Lines 20-26 capture the Master FQDN and Agents FQDN in environment variables we will use later on.

# Code to capture ACS master info
            master_fqdn=$(az acs show -n $Servicename -g $Resource | jq -r '.masterProfile | .fqdn')
            echo "Successfully captured your Master FQDN: $master_fqdn" 

    # Code to capture ACS agents info
        agents_fqdn=$(az acs show -n $Servicename -g $Resource | jq -r '.agentPoolProfiles[0].fqdn')
        echo "Successfully captured your Agents FQDN: $agents_fqdn"

Lines 28-36 create the tunnel. If you notice, it’s the same command I’ve written about in previous blog posts, only with retry logic written in. The bulk of the command is just creating a tunnel. If the attempt to open the tunnel fails (Azure isn’t ready), the command will retry again up to 5 times.

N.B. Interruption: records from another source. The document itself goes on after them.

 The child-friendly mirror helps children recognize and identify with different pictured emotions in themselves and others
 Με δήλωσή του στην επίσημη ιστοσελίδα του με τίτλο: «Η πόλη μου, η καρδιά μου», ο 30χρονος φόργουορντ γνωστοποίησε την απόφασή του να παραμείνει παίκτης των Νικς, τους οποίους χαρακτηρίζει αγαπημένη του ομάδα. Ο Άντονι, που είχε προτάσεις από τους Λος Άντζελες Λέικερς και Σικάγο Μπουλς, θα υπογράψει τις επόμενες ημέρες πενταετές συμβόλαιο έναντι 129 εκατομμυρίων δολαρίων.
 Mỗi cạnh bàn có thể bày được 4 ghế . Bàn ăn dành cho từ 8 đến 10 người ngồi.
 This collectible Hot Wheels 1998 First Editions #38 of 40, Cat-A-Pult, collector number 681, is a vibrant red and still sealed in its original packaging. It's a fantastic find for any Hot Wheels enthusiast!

# Create SSH Tunnel and check to ensure tunnel is successfully created, if errors, try again up to 5 times
	echo "Opening SSH tunnel to ACS..."
		until [ $n -ge 5 ]
			ssh -fNL $local_port:localhost:$remote_port -p 2200 azureuser@$master_fqdn -o StrictHostKeyChecking=no -o ServerAliveInterval=240 &>/dev/null && echo "ACS SSH Tunnel successfully opened..." && break
			n=$((n+1)) &>/dev/null && echo "SSH tunnel is not ready. Retrying in 5 seconds..."
			sleep 5

Lines 38-45 check to see if the ACS Swarm cluster is ready for us to issue commands. If the check fails, I.E. the cluster isn’t ready, the script will wait 45 seconds and retry. The reason this section was added in is after ACS Swarm deployment completes, there is about 5 minutes worth of time between when you can actually open an ssh tunnel and issue commands. If you try to issue commands prior to the cluster being ready, the commands will fail as no Docker nodes will be available. I discovered this while working with these scripts through CI/CD tools. More on that to come in our final post…

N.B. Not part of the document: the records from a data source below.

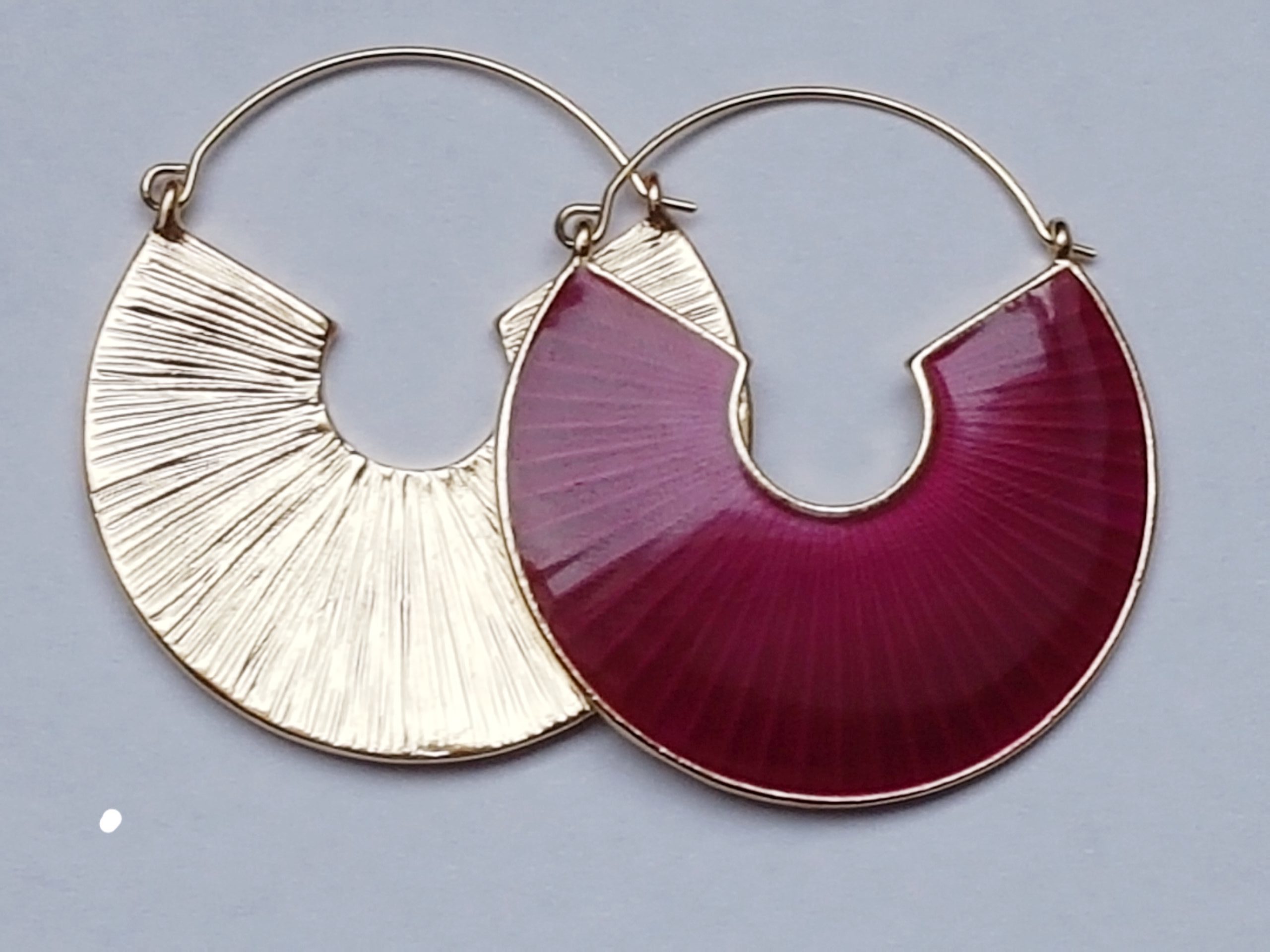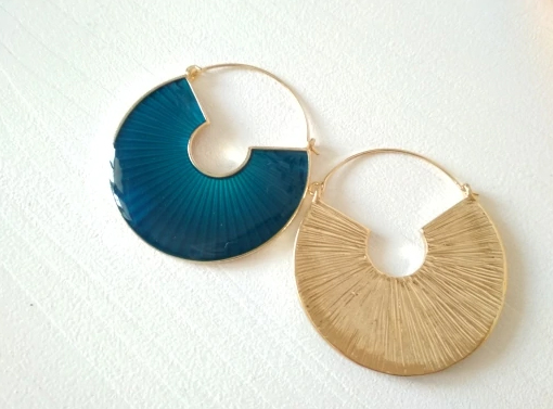 Charmantes, stylisées et élégantes, les boucles d’oreilles créoles Satine sont recouvertes d’émail sur une face. Sous l’émail, les boucles d’oreilles sont plissées donnant de la profondeur à ce bijou. Le côté opposé est également strié mais en relief créant un joli aspect. Cet accessoire original peut-être porté des deux côtés selon votre humeur. Les couleurs intenses et profondes ainsi que la forme originale en font un bijou d’exception.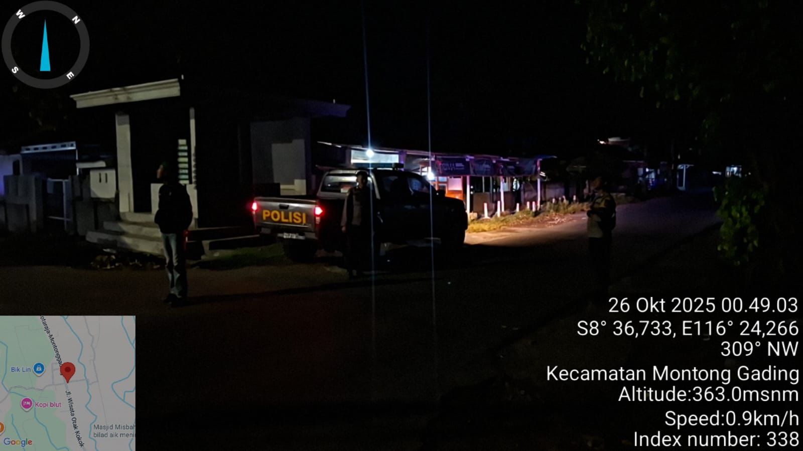 Patroli tersebut melibatkan tiga orang anggota jaga bersama Kapolsek Montong Gading. Dengan menyalakan lampu rotator biru khas Blue Light Patrol, rombongan petugas berkeliling menyusuri sejumlah ruas jalan utama dan area pemukiman warga yang dianggap rawan terjadinya tindak kriminalitas. Kegiatan ini merupakan upaya preventif Polri dalam menjaga keamanan serta menciptakan rasa aman bagi masyarakat pada malam hari.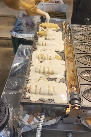 - 두바이 초코 붕어빵 (5,000원): 요즘 난리 난 두바이 초콜릿이 붕어빵 속에?! 1인 2개 구매 제한이 있을 정도로 귀한 몸입니다. 바삭한 카다이프와 진한 초콜릿의 만남, 이건 못 참죠! 🍫
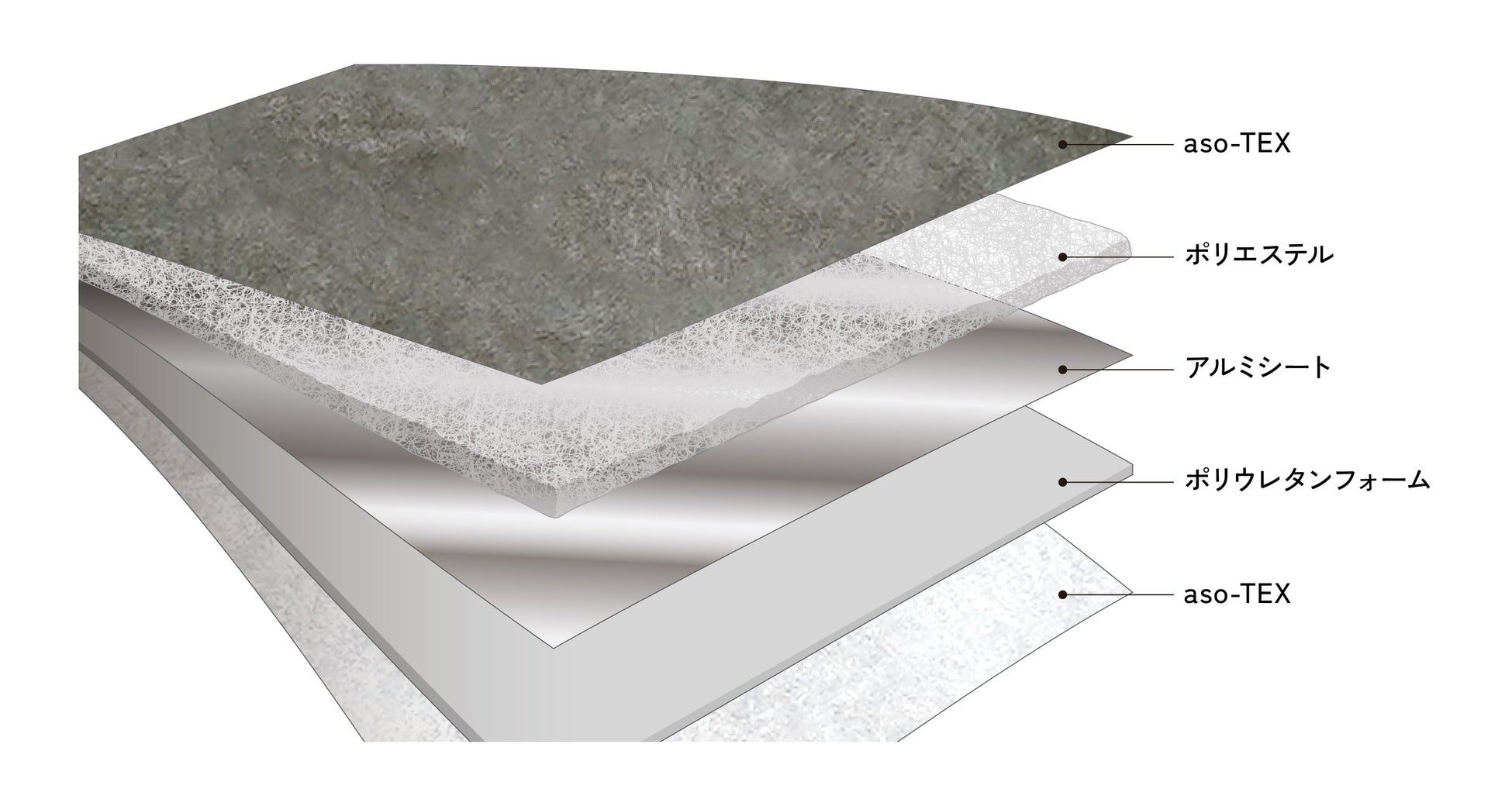 高い耐水性能をもつaso-TEXはお尻が濡れるのを防ぎ、内部のアルミシートが地面からの冷えを遮断します。

# Check for ACS Cluster Node availability, if errors, try again up to 5 times - only necessary if ACS Cluster was recently deployed
	until [ $n -ge 5 ]
		docker info | grep 'Nodes: [1-9]' &>/dev/null && echo "Swarm cluster is ready..." && break
		n=$((n+1)) &>/dev/null && echo "Swarm cluster is not ready. Retrying in 45 seconds..."
		sleep 45

Lines 47-55 were borrowed from Docker’s own script as a way to allow us to call docker commands directly from an ENTRYPOINT script. This section captures our command and stores it in ‘$@’.

# Docker check if first arg is `-f` or `--some-option`
	if [ "${1:0:1}" = '-' ]; then
		set -- docker "$@"

# If our command is a valid Docker subcommand, invoke it through Docker instead - (this allows for "docker run docker ps", etc)
	if docker help "$1" &>/dev/null; then
		set -- docker "$@"

Finally, lines 56-68 remind us where we can view our web applications deployed to our ACS cluster and execute the supplied command. As a reminder of our example above, we supplied ‘docker run -d –name docker-nginx -p 80:80 nginx’ as our command; this section is the execution part, again with retry logic written in. I also added in an echo to confirm back to us which command was executed. Both the execution and echo is handled by line 64, specifically.

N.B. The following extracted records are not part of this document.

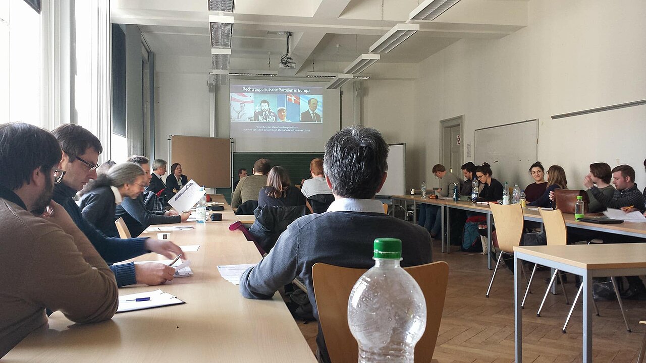 Unter dem Oberthema „Populismus/Nationalismus“ wurden insgesamt acht unterschiedliche Projekte im Wintersemester 2017/18 bearbeitet. Die Studierenden entwickelten eigene Fragestellungen, entwarfen ein Forschungsdesign und präsentierten nun abschließend die (ersten) Forschungsergebnisse in einer Lehrbereich-übergreifenden Veranstaltung.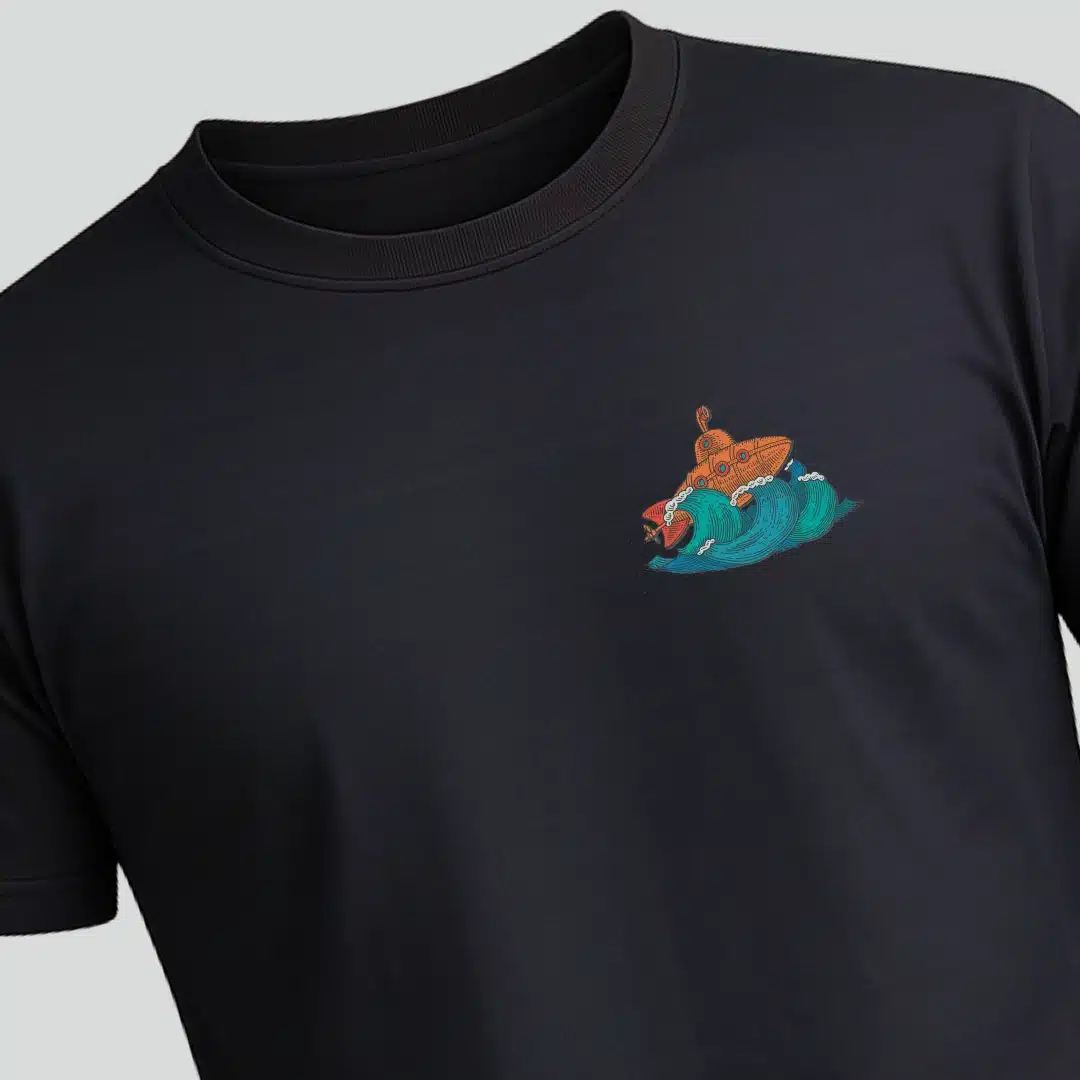 Με ζωντανά χρώματα και χειροποίητη εικονογράφηση του υποβρυχίου πάνω στο κύμα, αυτό το μπλουζάκι συνδυάζει καλλιτεχνικό design με ποιότητα κατασκευής.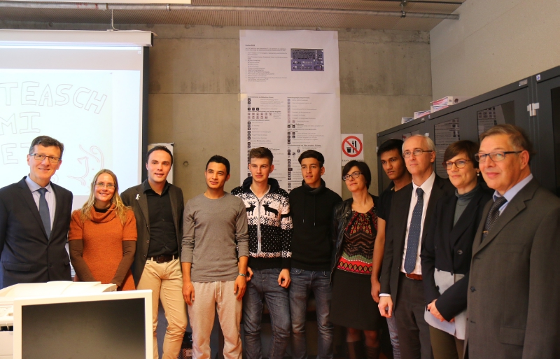 Das Projekt "Deutsch als Zweitsprache für Jugendliche mit Migrationshintergrund (DaZ)" wird begleitet vom Bereich der Deutschen Berufsbildung und dem Bereich Innovation und Beratung. Heute (26. November) wurde es im Beisein von Landesrat Philipp Achammer vorgestellt. "Die Sprache ist tatsächlich der Schlüssel zur Integration, die Kenntnis der Sprache ist die Voraussetzung sich zuhause zu fühlen", erklärte Landesrat Achammer und bedankte sich für das große Engagement der Lehrpersonen und des Direktors der Landesberufsschule für Handwerk und Industrie Josef Andreas Haspinger. Das neue Konzept der Sprachförderung sieht neben der Förderung der standardsprachlichen Kompetenzen einen verstärkten Unterricht in der "Fachsprache Deutsch" in Zusammenarbeit zwischen den Sprachlehrkräften und den Fachlehrpersonen sowie die Förderung von rezeptiven Kenntnissen, d.h. vom Verstehen der gesprochenen Sprache vor.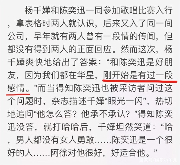 2011年,杨千嬅多次承认和陈奕迅有过一段恋情并表示:“当时更像是超越了朋友的那种,如同高中生懵懵懂懂的爱。”但是记者问起陈奕迅时,却并没有得到回应。杨千嬅得知后还说:“男人都没有女人勇敢。”

# Out to end user and execute docker command
	echo "Reminder: Your web applications can be viewed here: $agents_fqdn"
	sleep 5
	echo "Executing supplied Swarm command: '$@'"
	# Retry logic for executing command
	until [ $n -ge 5 ]
		eval "$@" && echo "'$@' completed"  && break
		n=$((n+1)) &>/dev/null && echo "Retrying '$@'in 5 seconds..."
		sleep 5
	exit $?

Just to recap, the scripts shown here and those found in my ACS Swarm repo have been modified for use outside of a CI/CD tool, but our final post will review how you can tie all of this up and for use with CI/CD tools like Codeship Pro, Jenkins, VSTS, etc. In part 3 of this series, I will talk about how you can use these scripts in conjunction with a CI/CD tool as a means of incorporating DevOps best practices (IaC and Automation), which again, would the the primary use case for everything I have detailed here.